I know this is an old thread, but thought I would update it a bit.

The predator 3500 comes jetted rich, for some off reason. In addition, it's not uncommon to have a partially clogged idle jet. There are numerous youtube videos of correcting this. The idle jet is a remove an clean, but most everyone changes the main jet to a smaller one. 

Cleaning the idle jet helps stop the surging they often do, and replacing the main jet cures it for good.

The main in mine was a #77, while most report a number#76. I ordered a #68 thru this link. Main Jets & Pilot Jets.

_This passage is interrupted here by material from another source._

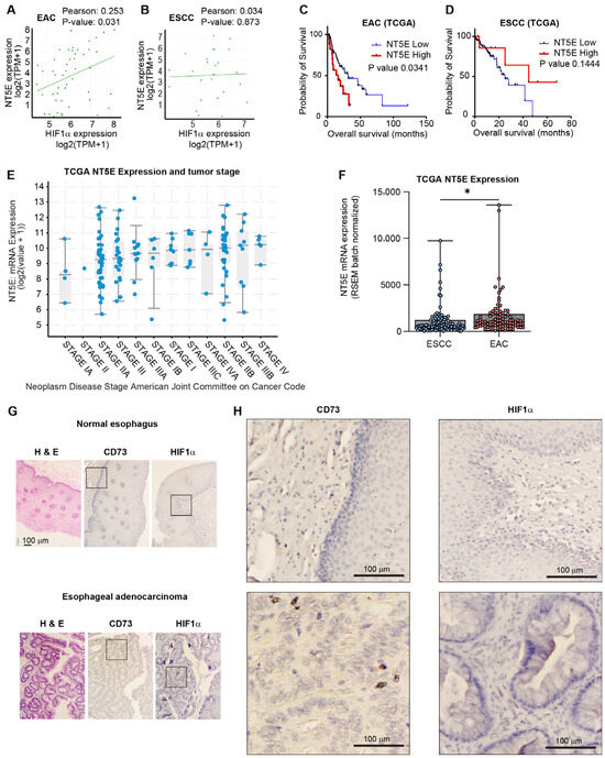 NT5E and HIF1α co-expressed in esophageal adenocarcinoma and negatively correlated with patient survival. (A,B) X/Y plot and correlation analysis between NT5E and HIF1α expression data across esophageal adenocarcinoma (EAC) cell lines (A) and esophageal squamous cell carcinoma (ESCC) lines (B) from DepMap. (C,D) Kaplan–Meier plots of EAC (C) and ESCC (D) patients stratified by NT5E expression; assessed using log-rank (Mantel–Cox) test. (E) NT5E expression across stages of esophageal cancer. (F) NT5E expression comparison between EAC and ESCC patients; significance determined by unpaired two-tailed t-test; * p-value < 0.05. (G) IHC of H&E stain (left), IHC of CD73 (middle) and IHC of HIF1 (right), in EAC tumor tissue (bottom) and adjacent normal tissue (top). (H) Higher-magnification view (8× enlargement) of the region indicated in Figure 1G.
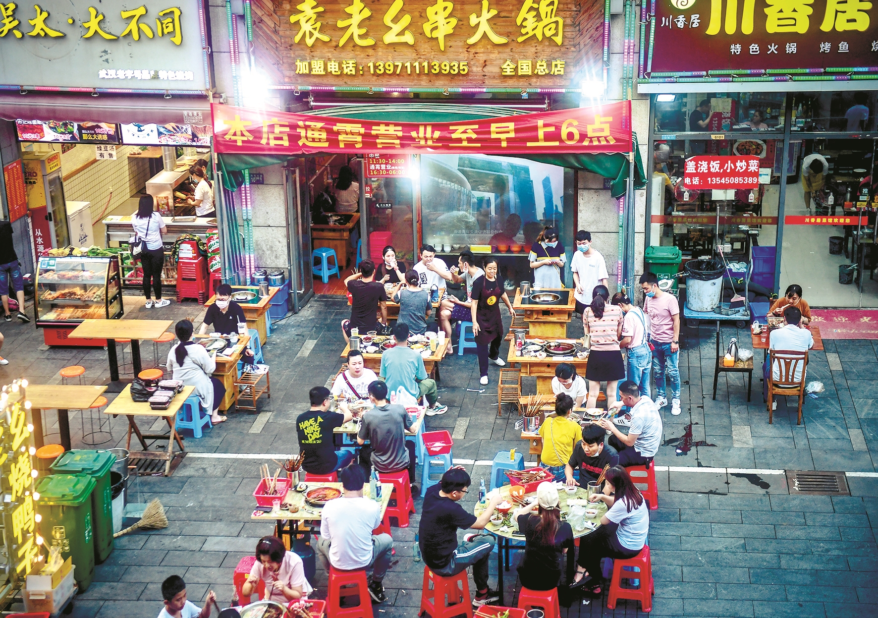 摆桌椅,支招牌,架炉灶……6月29日下午4时许,武汉市经开区万达金街上的袁老幺串火锅店就开始忙碌。晚7时,外摆灯箱和门头上的灯亮起来,撸串、吃虾、喝啤酒,店里店外50张桌台几乎满座。

Total cost ends up around $12 shipped. I installed mine yesterday. The difference in running is amazing. Purrs like a kitten. Just for the record, mine is a new gen, with less than 4 hours on it, but I could see the plug was burning black, and soot already building up on the spark arrestor. Rejetting should pretty well eliminate both problems.

Yes, you should not have to do this to a new gen, but for less than $20 it runs like a champ. Also, from what I have seen, and read, DO NOT DRILL HOLES IN THE COVERS. There is a youtube where the guy shows, that the intake air is drawn in through the bottom front of the generator, and travels up across the electronics, to cool them, before getting to the engine. Opening up holes in the outer case, reduces airflow across the electronics and could cause heat failure. He drilled holes in his air filter housing, but I am betting, based on how mine now runs, that is not needed either.

I can only assume, these engines are jetted before getting into the generator housing, and it causes issues, it does not cause when used in other applications. The engine is their same 6.5 hp, 212cc engine they sell, and use throughout their lineup. Heck my Sears rototiller, has one in it. In fact I pulled the idle jet out of it, and put it into my gen.

Check youtube for these things before taking the next one back. Do, however, recheck the spark plug, to make sure it does not run too lean, based on your elevation, where you use it most. Something inbetween a 68-76 might be called for if that is the case. I have seen some guys order a jet kit, with several sizes in it, to make it easier to swap. 

Doing all the above takes about an hour, or less, and you do not need to remove the carb to do it. DO be careful, not to lose the idle jet. Mine snapped out of my pliers. I hear it rattle around in the plastic floor of the gen. After 1.5hrs looking I still did not find it, so that was why I pulled mine from my tiller. Hopefully you do not need to.


----------